* **Activity**
One range is to be output from the listing below, exactly as written: the line with "La intendenta Stella" to the line with "Фурнитура для бижутерии", both kept.

* **Entries shown**
%%

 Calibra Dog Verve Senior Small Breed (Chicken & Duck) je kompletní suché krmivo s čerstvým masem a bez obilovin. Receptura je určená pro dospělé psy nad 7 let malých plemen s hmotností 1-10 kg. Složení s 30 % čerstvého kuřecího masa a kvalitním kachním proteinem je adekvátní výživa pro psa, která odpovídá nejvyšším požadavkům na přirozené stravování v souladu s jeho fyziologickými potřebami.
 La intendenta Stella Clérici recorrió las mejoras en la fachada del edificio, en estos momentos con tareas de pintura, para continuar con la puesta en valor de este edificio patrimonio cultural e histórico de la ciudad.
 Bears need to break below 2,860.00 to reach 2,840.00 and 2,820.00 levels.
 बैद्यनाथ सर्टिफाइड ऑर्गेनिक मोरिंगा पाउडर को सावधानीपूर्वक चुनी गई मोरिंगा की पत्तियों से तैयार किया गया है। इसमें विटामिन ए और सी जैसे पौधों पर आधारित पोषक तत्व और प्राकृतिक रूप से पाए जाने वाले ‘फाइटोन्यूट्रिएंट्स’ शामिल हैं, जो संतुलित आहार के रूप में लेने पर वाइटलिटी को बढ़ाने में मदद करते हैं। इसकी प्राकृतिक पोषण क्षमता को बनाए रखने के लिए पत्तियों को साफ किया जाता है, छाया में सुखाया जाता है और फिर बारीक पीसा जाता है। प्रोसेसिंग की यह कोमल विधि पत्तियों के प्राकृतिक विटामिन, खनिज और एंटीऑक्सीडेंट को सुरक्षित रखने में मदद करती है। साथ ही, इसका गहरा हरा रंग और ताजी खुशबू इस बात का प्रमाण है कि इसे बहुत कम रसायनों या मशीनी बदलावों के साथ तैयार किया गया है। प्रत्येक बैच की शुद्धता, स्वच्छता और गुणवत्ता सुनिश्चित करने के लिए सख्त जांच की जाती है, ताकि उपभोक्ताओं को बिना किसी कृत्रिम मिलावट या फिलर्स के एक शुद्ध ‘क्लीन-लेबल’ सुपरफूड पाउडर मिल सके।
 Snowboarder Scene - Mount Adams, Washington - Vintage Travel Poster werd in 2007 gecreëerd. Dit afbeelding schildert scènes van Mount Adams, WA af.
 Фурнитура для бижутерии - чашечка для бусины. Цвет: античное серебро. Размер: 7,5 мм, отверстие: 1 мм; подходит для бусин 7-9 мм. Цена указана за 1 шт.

%%
%%

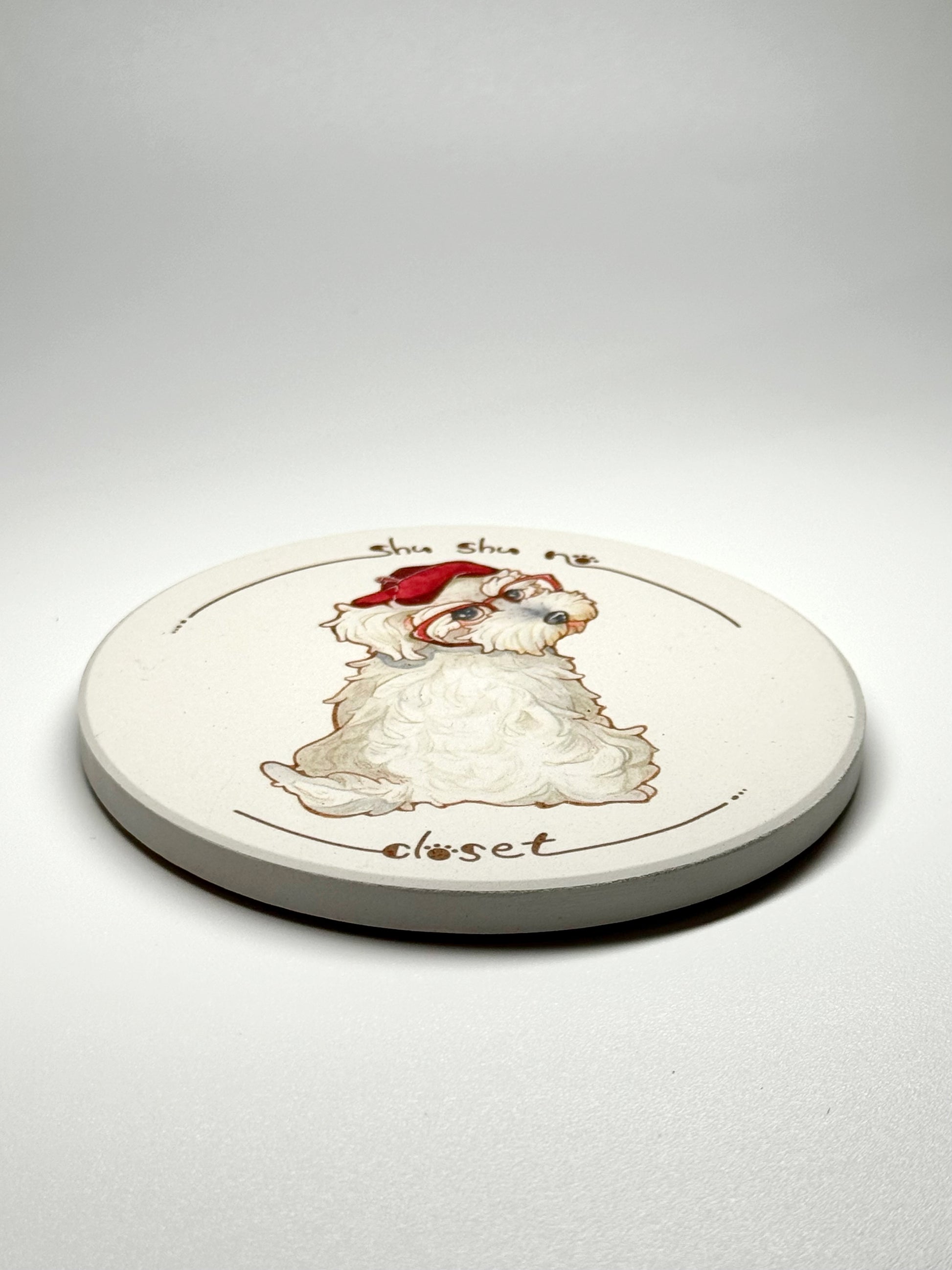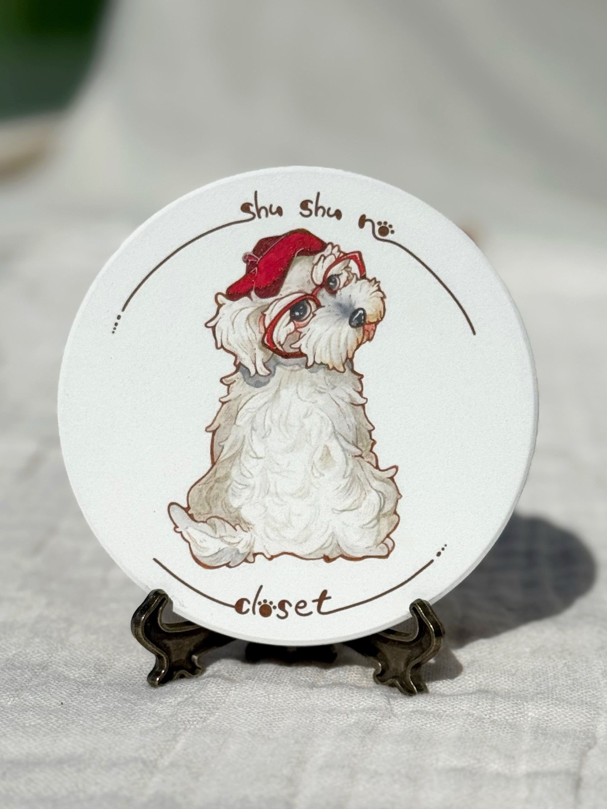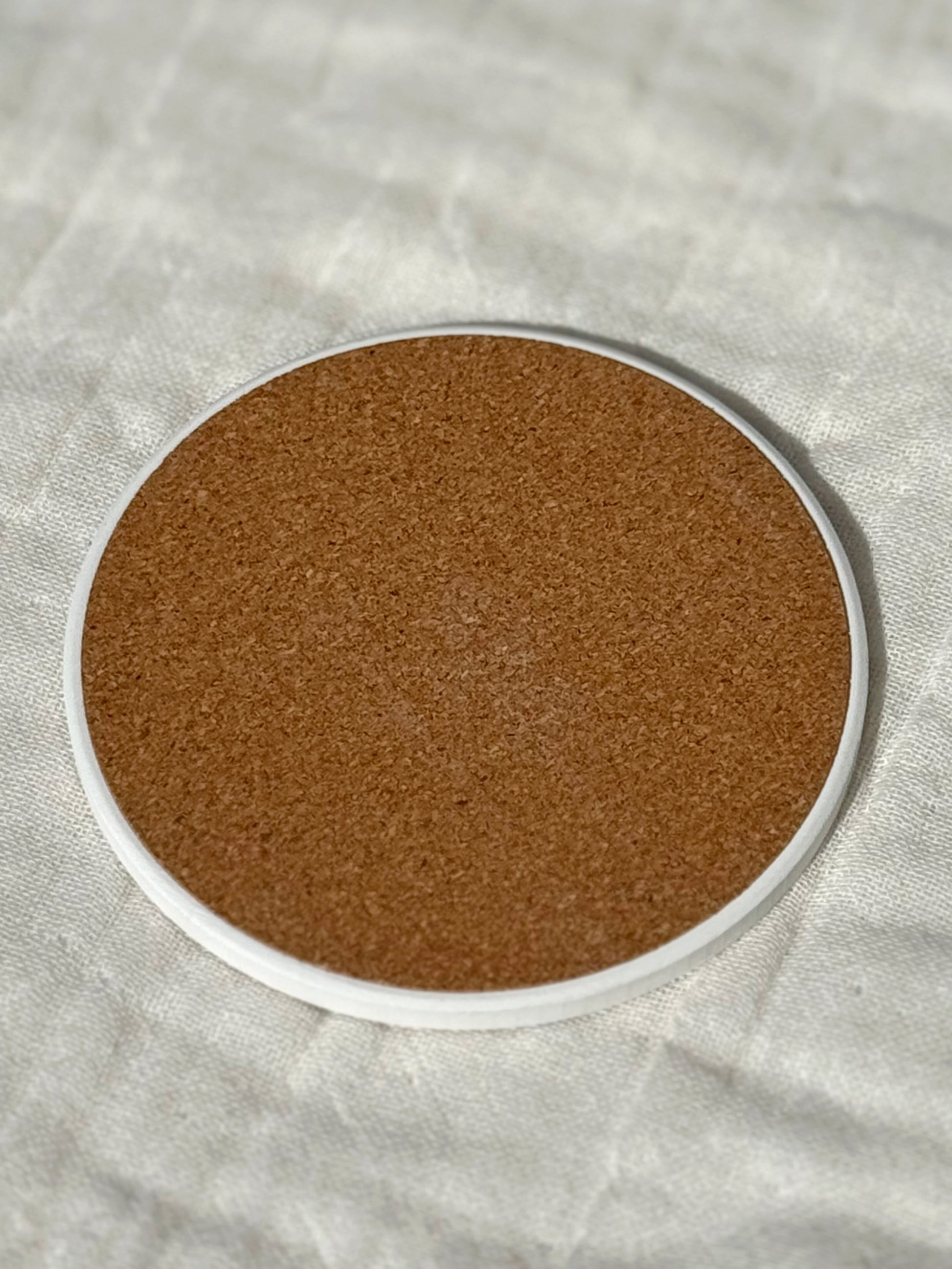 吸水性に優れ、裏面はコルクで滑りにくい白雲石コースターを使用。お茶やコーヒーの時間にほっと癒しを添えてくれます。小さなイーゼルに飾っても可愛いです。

%%

* **Result of the exercise**
 La intendenta Stella Clérici recorrió las mejoras en la fachada del edificio, en estos momentos con tareas de pintura, para continuar con la puesta en valor de este edificio patrimonio cultural e histórico de la ciudad.
 Bears need to break below 2,860.00 to reach 2,840.00 and 2,820.00 levels.
 बैद्यनाथ सर्टिफाइड ऑर्गेनिक मोरिंगा पाउडर को सावधानीपूर्वक चुनी गई मोरिंगा की पत्तियों से तैयार किया गया है। इसमें विटामिन ए और सी जैसे पौधों पर आधारित पोषक तत्व और प्राकृतिक रूप से पाए जाने वाले ‘फाइटोन्यूट्रिएंट्स’ शामिल हैं, जो संतुलित आहार के रूप में लेने पर वाइटलिटी को बढ़ाने में मदद करते हैं। इसकी प्राकृतिक पोषण क्षमता को बनाए रखने के लिए पत्तियों को साफ किया जाता है, छाया में सुखाया जाता है और फिर बारीक पीसा जाता है। प्रोसेसिंग की यह कोमल विधि पत्तियों के प्राकृतिक विटामिन, खनिज और एंटीऑक्सीडेंट को सुरक्षित रखने में मदद करती है। साथ ही, इसका गहरा हरा रंग और ताजी खुशबू इस बात का प्रमाण है कि इसे बहुत कम रसायनों या मशीनी बदलावों के साथ तैयार किया गया है। प्रत्येक बैच की शुद्धता, स्वच्छता और गुणवत्ता सुनिश्चित करने के लिए सख्त जांच की जाती है, ताकि उपभोक्ताओं को बिना किसी कृत्रिम मिलावट या फिलर्स के एक शुद्ध ‘क्लीन-लेबल’ सुपरफूड पाउडर मिल सके।
 Snowboarder Scene - Mount Adams, Washington - Vintage Travel Poster werd in 2007 gecreëerd. Dit afbeelding schildert scènes van Mount Adams, WA af.
 Фурнитура для бижутерии - чашечка для бусины. Цвет: античное серебро. Размер: 7,5 мм, отверстие: 1 мм; подходит для бусин 7-9 мм. Цена указана за 1 шт.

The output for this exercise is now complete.